Article I.2.0.B.The parts of the body closest to the cloth left the darkest marks. Sorry, but from a critical viewpoint you can’t just assume that a body was present to make the marks.
Parts of the body which would have been closest to the cloth if the image was made by a cloth lying over a body? Sorry, can’t allow that either, as the cloth could have been horizontal or draped or wrapped.

Parts of the body lying closest to a theoretical horizontal plane level with the tip of the nose? Sorry, but you need also to specify if the body was also horizontal. Were the knees, for example, higher off the floor than the nose or not?

Parts of the body which would have been closest to a horizontal plane level with the tips of the knees assuming that the body was lying in a slightly knees-up position with the head also slightly raised? Er, no, as the head and particularly the nose is generally assumed to be the darkest area, and the knees would be much more prominent than the hands, for example.
Parts of the body which would have been closest to the cloth if the cloth had been draped over the body? Back of the head? Sides of the hair? Sorry.

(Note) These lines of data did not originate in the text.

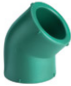
Codo a 45°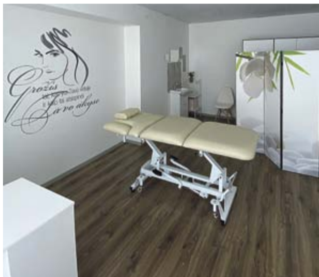
Patalpos būsimam masažo salonui Eišiškėse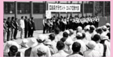
広島県グラウンド・ゴルフ交歓大会 開会式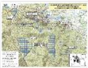
Espaces naturels départementaux dans Le Rocher ...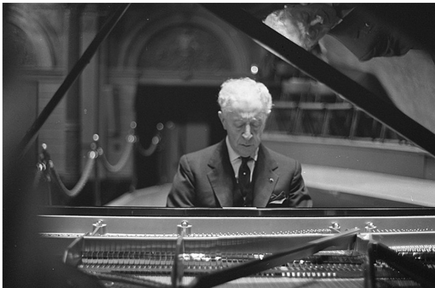
Artur Rubinstein, koncert w Amsterdamie, 13 lutego 1962 r., fot. Rossem, Wim van / Anefo, źródło: Wikimedia Commons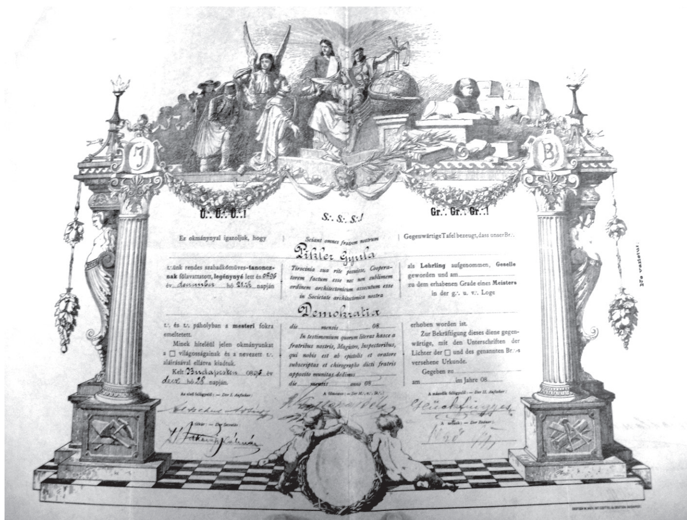
15. kép. Pikler Gyula szabadkőműves mesterlevele, 1896.

Magyar Nemzeti Múzeum, Szabadkőműves Gyűjtemény. Ltsz.: 1981.131.587 (a szerző felvétele)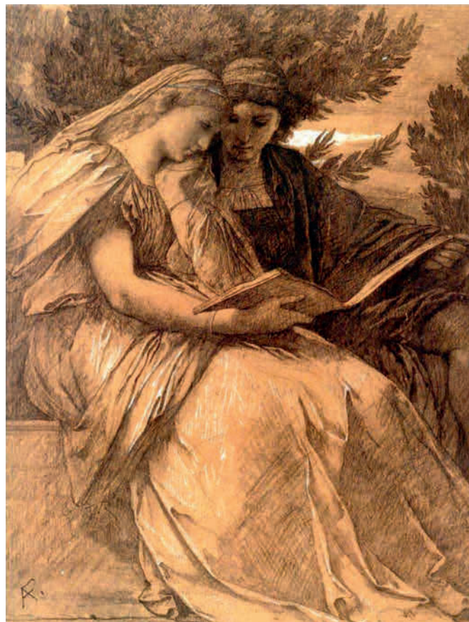
Monaco, Graphische Sammlungen: Paolo e Francesca , gesso nero su carta bruna, Anselm Feuerbach (1858-1863)

Nella narrazione degli eterni amanti si coglie il tema del mito legato a Eros e Thanatos che caratterizza quelle liaisons dangereuses nelle quali mutano i protagonisti, le situazioni, perfino le tipologie delle vittime, ma non l'archetipo delittuoso del dualismo «amore e morte» che domina e suscita incessantemente un'attenzione profonda per la distorsione che le due parole, unite, provocano.

Parts of the body which would have been closest to the cloth if the image was made by a cloth lying over a body which draped naturally from head to toe but not at all from side to side? Rather like unrolling a carpet or Venetian blind over the body? I think we may be getting there…

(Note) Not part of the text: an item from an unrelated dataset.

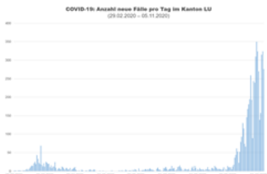
COVID-19: Anzahl neue Fälle pro Tag im Kanton Luzern

Neue Fälle pro Tag und kumulative Anzahl Fälle im Kanton Luzern, ersichtlich nach Alarmstufenkonzept

Article I.2.0.C. The image has the characteristics of a photographic negative. Of a monochrome photograph of a person taken full face with a light source directly in front and a black background. Although we are often told that real photographs of people under just those conditions do not look like the shroud, as the 3D image derived from them is unconvincing. If this is true, the shroud does not have all the characteristics of a photographic negative. I concede that it does have some; rather general and rather subjective.

Article I.2.0.D. The contrasting photographs. The negative is clearly not the negative of the positive, but a different photo altogether. It is also printed at a different size. A “true” negative would have the famous “epsilon” blood stain pointing a different way.

Categories: Teaser of the Day
  1. daveb of wellington nz
    February 1, 2013 at 3:15 pm

    For a scientific paper claiming to be :A Critical Summary …”, I’d have to agree with Hugh that Sieker and Spicer have been fairly careless and uncritical in their write-up, but maybe Hugh is just being a little too scientifically pedantic, even precious, in his criticism. It would seem that the two scientists have endeavoured to generalize conclusions resulting from the work of John Jackson and Eric Jumper which began around 1968. Ian Wilson first mentions this work in his 1978 book at Chapter XXII. Doubtless there are now more detailed and better write-ups available on this work, probably on the Shroud.com site.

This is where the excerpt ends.